Per esempio l’esercizio fisico è quella carta che, come un jolly, spariglia tutto. Il suo impatto a livello cellulare è profondo. Riduce l’infiammazione cronica di basso grado, quel fuoco lento e dannoso che cova nel tuo corpo invecchiando come un risentimento verso chi non ti ha restituito quel libro prestato nel 2004. E mantiene in forma i mitocondri, le centrali energetiche delle nostre cellule, senza le quali avresti le energie che hai dopo un pranzo di 10 portate in una trattoria.
Ci sono anche altri alleati
Non c’è solo il movimento. Altri fattori dello stile di vita sono altrettanto importanti. La dieta mediterranea è uno dei regimi alimentari più solidamente associati a un invecchiamento sano.
Poi c’è il sonno, che non è tempo perso, ma anzi: è l’officina notturna dove avviene la riparazione cellulare. Dormire poco è come saltare gli allenamenti prima di una maratona: prima o poi ti verrà presentato il conto, e con gli interessi.
E lo stress cronico? Quello è come avere un gatto particolarmente dispettoso che gratta costantemente sulla porta della tua sanità mentale. Gli scienziati lo chiamano “carico allostatico”, l’usura che deriva dall’essere perennemente sotto pressione. Sballa l’equilibrio degli ormoni, indebolisce il sistema immunitario, ti fa venire voglia di urlare contro i piccioni nel parco. Una cosa abbastanza inutile, anche perché loro se ne fregano.

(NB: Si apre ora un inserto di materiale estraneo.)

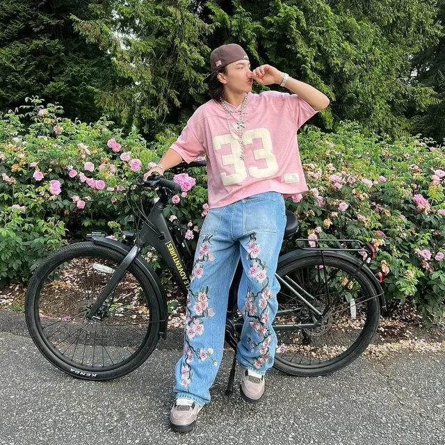Y2K pants men Baggy Harajuku cherry blossom print pattern jeans Hip Hop streetwear
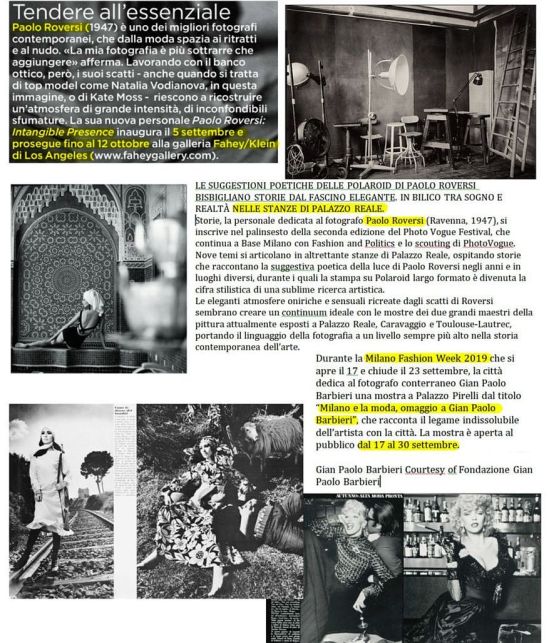 Si susseguono ininterrottamente (in effetti nella storia della fotografia mai vi fu pausa) le mostre di grandi fotografi che, facendo della fotografia la loro ragione di vita e utilizzando strumenti analogici, hanno saputo creare delle opere d’arte immortalando atmosfere e a volte creando linee di pensiero che hanno influenzato lo sviluppo della società moderna. Artisti internazionali in Italia (come Werner Bishop, F.C. Gundlach, ecc.) o artisti italiani all’estero (come Paolo Roversi, Gianpaolo Barbieri, ecc.) che espongono saltuariamente alcune delle loro opere create nell’arco dei tanti anni delle loro lunghe carriere per deliziare gli appassionati e additare strade ai neofiti.
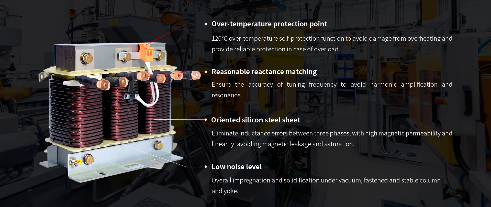 Filter reactors can effectively protect the capacitors, reduce overload caused by harmonics during compensation, and avoid the possibility of resonance with grid inductance.
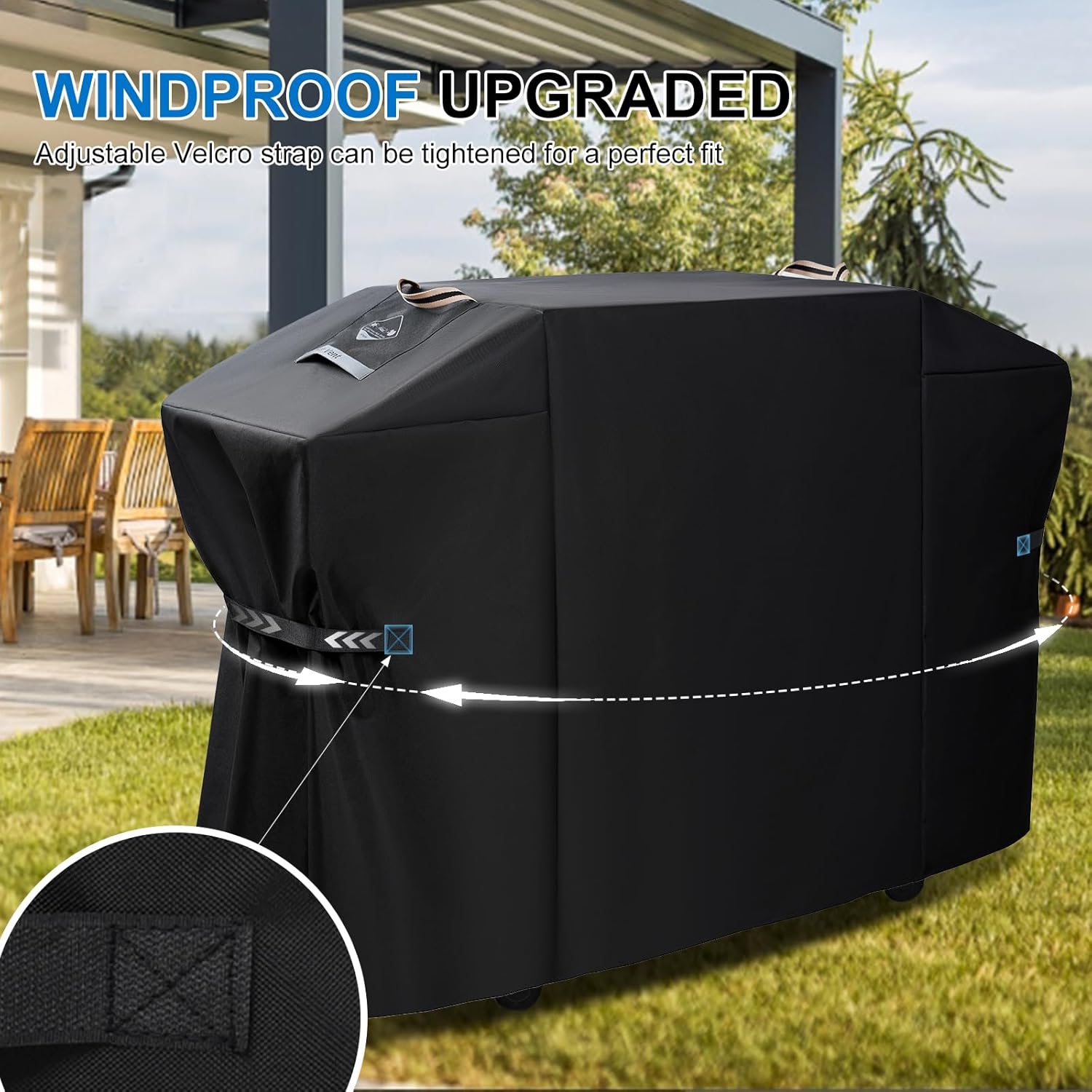 【Snug Fit & Upgraded Windproof】Reinforced adjustable velcro straps on both sides make the outdoor griddle cover secure to the gas griddle super tightly and prevent the grill covers from blowing off or slipping. Never worry about the windy days!
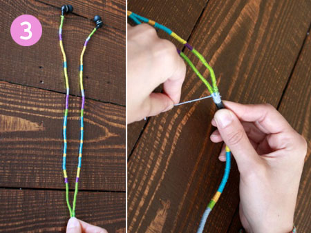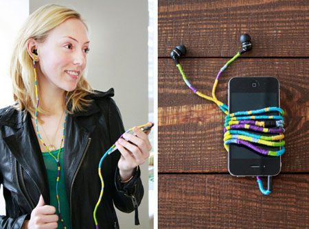Шаг 3. Оберните поочередно разными цветами нитей все наушники, и стильная вещица готова.

Infine, non sottovalutare la mente e le relazioni. Ormai è sempre più evidente che il benessere psicologico – ottimismo, buona disposizione d’animo, resistenza mentale – e legami sociali forti sono determinanti per creare le condizioni di vite più lunghe e sane. Non è magia new age, probabilmente funziona influenzando i percorsi di risposta allo stress e i livelli di infiammazione. In pratica, fare una passeggiata o una telefonata con un amico potrebbe valere più di un integratore costosissimo.
Quello che puoi fare per te è molto
Quindi, ecco il succo: l’invecchiamento non è solo una questione di anni che si sommano come bollette non pagate. È lo stato della tua biologia ora. È una danza continua tra geni, emozioni, movimenti e relazioni. La variazione che vedi tra coetanei è il risultato di un tango a volte armonioso, a volte sgraziato, tra ereditarietà e ambiente, tra scelte quotidiane ed esperienze accumulate.
La prossima volta che ti trovi davanti a quelle due porte scorrevoli, ricorda che non è una sentenza già scritta. Il potere di “deviare” la tua personale traiettoria di invecchiamento verso più salute e vitalità risiede nella costante interazione tra la tua eredità genetica e le piccole, scientificamente supportate, scelte che fai ogni giorno.
E ricordati: non è mai troppo tardi per aprire la porta giusta. O per riaprire Sliding Doors e chiederti cosa sarebbe successo se Gwyneth avesse preso un Uber.